At the start of the study period (Period A), when cases were less than 100 per day in March 2020, approximately 80% of cases were sequenced (Figure 1). P2 testing began in mid-April 2020, and sequencing for P2 tests started in June 2020. The proportion of P2 cases sequenced was highest when case numbers were low, particularly in June 2020, when the proportion occasionally exceeded 50%, and, in the spring of 2021, when the highest proportion throughout the study was observed at 73.5% in May 2021 (Figure 1).

From August 2020 (Period B), case numbers began to rise, particularly in P2, which had increased testing capacity. Although the absolute number of sequenced cases increased, they reflected a smaller proportion of the overall cases. P1 sequencing volumes peaked in the middle of January 2021 at 12.8%, whereas P2 sequencing peaked at 13.0% in the end of January 2021. The proportion sequenced then rose again in line with decreases in case numbers, with P1 reaching a peak of 43.3% sequenced in mid-June 2021, and P2 reaching 73.5% at the end of May. During Period C, P2 sequencing capacity greatly increased, and the proportion of cases sequenced remained high following this rise in capacity. In August 2021, an average of 24.3% of P1 cases were sequenced, compared with 16.8% for P2.

Overall, the ratio of the proportion of sequenced cases to the proportion of total cases shows that sequencing results were broadly representative of the underlying case populations (Table 1); however, there were some over-represented groups. For all time periods, there were a higher proportion of P1 cases that were sequenced, compared with the proportion of P1 among total cases.
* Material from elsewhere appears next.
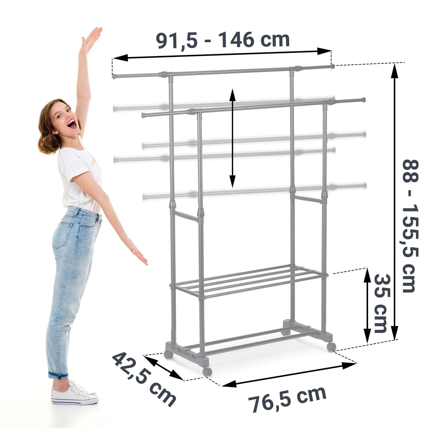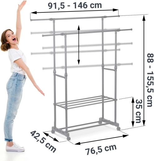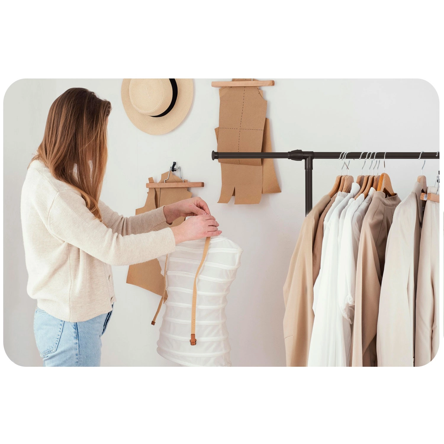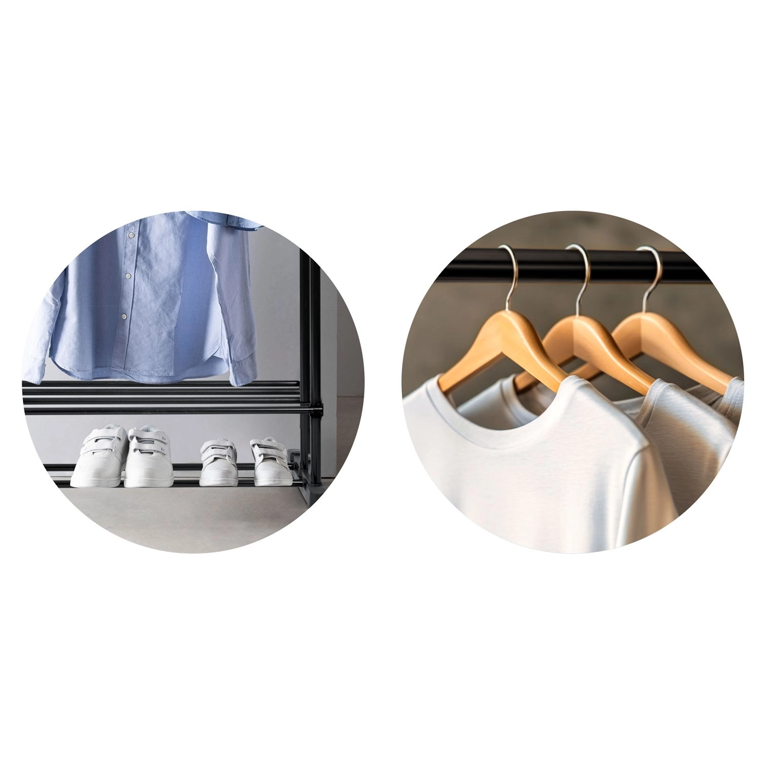 Adaptez le porte-vêtements à votre espace et au type de vêtements. Réglez facilement la hauteur pour les longs manteaux et la largeur pour une capacité accrue sans perdre en stabilité.

Table 1. Demographic and epidemiological characteristic breakdowns of overall testing and sequencing, 01 March 2020 to 31 August 2021

a Ratio is defined as the proportion of total cases to the proportion of sequenced cases.

b P-values <0.001, obtained using chi-squared tests for the stratum.

Throughout all time periods, sequenced cases were broadly representative of total cases by age group and sex, with the ratio of total to sequenced cases being close to one throughout, aside from Period A, which saw slightly larger proportions of younger age groups sequenced.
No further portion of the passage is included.